Trois jeunes mousquetaires verts au Parlement européen

Article publié le 6 avril 2011
Article publié le 6 avril 2011
par Alice Préat Lors des élections du Parlement européen en 2009, les verts allemands ont adopté une tactique “jeune”. Trois candidats de moins de trente ans. Et ils ont tous obtenu un siège. Jan Philipp Albrecht est le seul homme parmi ces trois mousquetaires.
Il explique qu’il fallait bien qu’il y ait beaucoup de jeunes verts allemands: en tant que grand pays, ils ont plus de sièges et doivent donc compenser le manque de verts d’autres pays. Mais avoir 28 ans au Parlement européen, est-ce faisable ? Portrait.

À peine arrivé, Jan s’est impliqué dans un des gros dossiers du Parlement de ces dernières années, SWIFT, ou l’accord de transfert de données bancaires vers les États-Unis. Ayant étudié le droit international et puis s’étant spécialisé en droit de l’informatique, ce dossier lui allait comme un gant. Il est d’ailleurs membre de la Commission des libertés civiles, de la justice et des affaires intérieures. Un dossier qui a redoré le blason du Parlement européen, lorsque la première version de l’accord a été rejetée et surtout, fortement médiatisée. « La clé est de parler aux médias à propos du contenu, et pas uniquement des généralités », dit Jan Albrecht, lorsqu’il explique qu’ils ont passé des heures au bureau avec un verre de vin pour trouver un moyen de faire passer le message au public. « Il faut construire le débat européen en expliquant au médias et au public ce qu’il se passe en détail. Pour cela, il faut se concentrer sur quelques débats spécifiques et essentiels. » Toujours est-il que le changement n’est jamais facile. « Nous sommes beaucoup de jeunes verts à essayer de changer certaines choses, aussi minimes soient-elles ». Un exemple ? Du wifi dans l’hémicycle. « Ça paraît rien du tout, mais ça permettrait aux parlementaires de travailler en assistant aux séances plénières. Sinon, il n’y a personne. »

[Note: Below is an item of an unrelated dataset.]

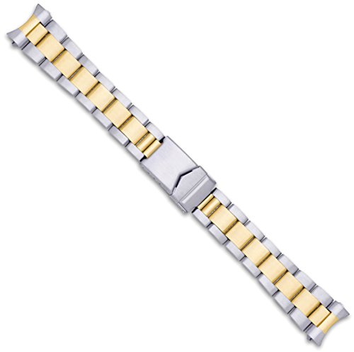 -. Title : Oyster Style Link Metal Watch Band - Two Tone - 18mm

De grandes visions de futur pour ce jeune homme qui est dans le bain depuis ses 15 ans, âge auquel il s’est investi dans le journal de son école. Ce n’a pas duré longtemps ensuite : du journal à la politique locale en passant par l’activisme. Ensuite, il s’agit de grimper les échelons. Du local au régional au national, où Jan a été porte-parole pour le parti pendant deux ans. Ce qui l’intéresse, c’est la protection des données, les libertés civiles, etc. Ces sujets n’étant plus vraiment du ressort des gouvernements nationaux, Jan Albrecht tente sa chance aux élections européennes, et se retrouve donc avec ces deux compagnons d’élections, Franziska Brantner et Franziska Keller, au Parlement européen.